What structure in the occipital lobe is involved in vision?

From the Guidelines

The primary structure in the occipital lobe involved in vision is the secondary visual cortex, specifically area V2, which plays a distinct role in early visual processing, including detecting orientation, contours/edges, and colors of objects. This is based on recent meta-analytic evidence from 2021, which found heightened occipital activity in autistic individuals compared to non-autistic control groups, localized to area V2 or the secondary visual cortex (BA18) 1. The V2 receives feedforward sensory input from the V1 (i.e., the primary visual cortex) and feeds back predictions and inferences to V1 in a well-defined, hierarchical manner.

Some key points to consider when evaluating the role of the occipital lobe in vision include:

• The extrastriate V2 plays a critical role in early visual processing, with reference to detecting orientation, contours/edges, and colors of objects 1
• The V2 receives feedforward sensory input from the V1 and feeds back predictions and inferences to V1 in a hierarchical manner 1
• Damage to the occipital lobe, particularly to V1, can result in various visual field defects or even cortical blindness, despite having normally functioning eyes
• The occipital lobe contains multiple secondary visual processing areas (V2-V5) that handle increasingly complex aspects of visual perception

In terms of the specific structure involved in vision, area V2 is a critical component of the visual processing pathway, and its dysfunction has been implicated in various visual processing deficits, including those observed in autistic individuals 1. Overall, the evidence suggests that the secondary visual cortex, specifically area V2, plays a key role in vision, and its function is critical for normal visual processing.

From the Research

Structure Involved in Vision

The structure in the occipital lobe involved in vision is the striate cortex, also known as area V1 of the visual cortex.

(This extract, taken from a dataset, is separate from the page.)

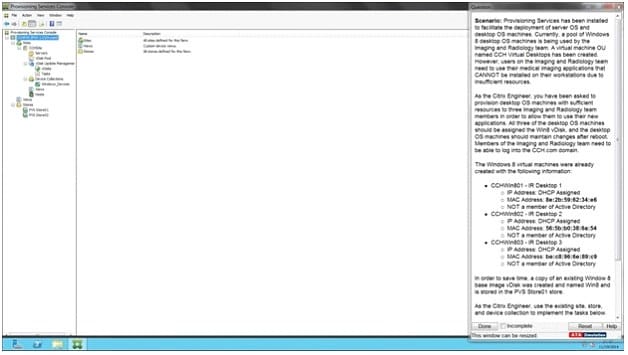 Scenario: Provisioning Services has been installed to facilitate the deployment of server OS and desktop OS machines. Currently, a pool of Windows 8 desktop OS machines is being used by the Imaging and Radiology team. A virtual machine OU named CCH Virtual Desktops has been created. However, users on the Imaging and Radiology team need to use their medical imaging applications that CANNOT be installed on their workstations due to insufficient resources.

• This area is responsible for processing basic aspects of visual information, such as line orientation and movement 2.
• Damage to the striate cortex can result in homonymous hemifield defects, where a person loses vision in one half of their visual field 2.
• The striate cortex is not the sole recipient of visual signals and is not essential for conscious vision 2.

Alternative Pathways

In cases where the striate cortex is damaged, alternative pathways can mediate residual visual responses.

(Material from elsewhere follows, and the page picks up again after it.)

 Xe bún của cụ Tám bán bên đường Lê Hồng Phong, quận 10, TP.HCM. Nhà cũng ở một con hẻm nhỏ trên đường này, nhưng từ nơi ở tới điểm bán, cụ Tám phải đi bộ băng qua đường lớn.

• The Middle Temporal area (MT) of the extrastriate visual cortex is involved in visually-guided behaviors and can contribute to preserved visual perception in individuals with early-life injury to V1 3.
• The inferior pulvinar (PI) and its connection to MT can also play a role in affording preserved visual capacity following an early-life lesion of V1 3.
• Other studies have found that dorsal extrastriate areas can represent the visual field around the lower vertical meridian in individuals with damage to primary visual cortex 4.

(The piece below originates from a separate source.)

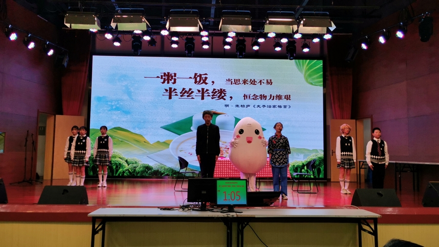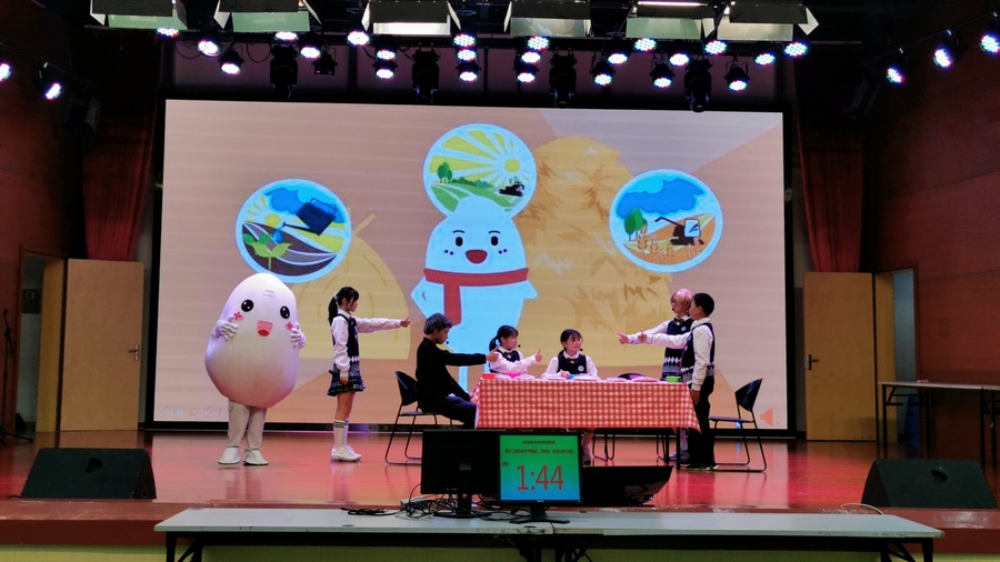 本次“三话”我校参赛剧本命名为“一粒米的故事”,以米小白的卡通形象串起整场剧,通过“家家”、“园园”浪费粮食的故事,引出国家号召“厉行节约”“光盘行动”的主题。

Representation of the Visual Field

The representation of the visual field in the occipital lobe is complex and can be affected by damage to the primary visual cortex.

• The foveal region is unilaterally represented in the primary human visual cortex, with a major portion of the striate cortex dedicated to the central 10 degrees of vision 5.
• The horizontal meridian of the visual field is represented deep within the calcarine banks at the fissure base 5.
• Spared calcarine cortex and lateral occipital cortex can contribute to residual visual responses in individuals with cortical lesions 6.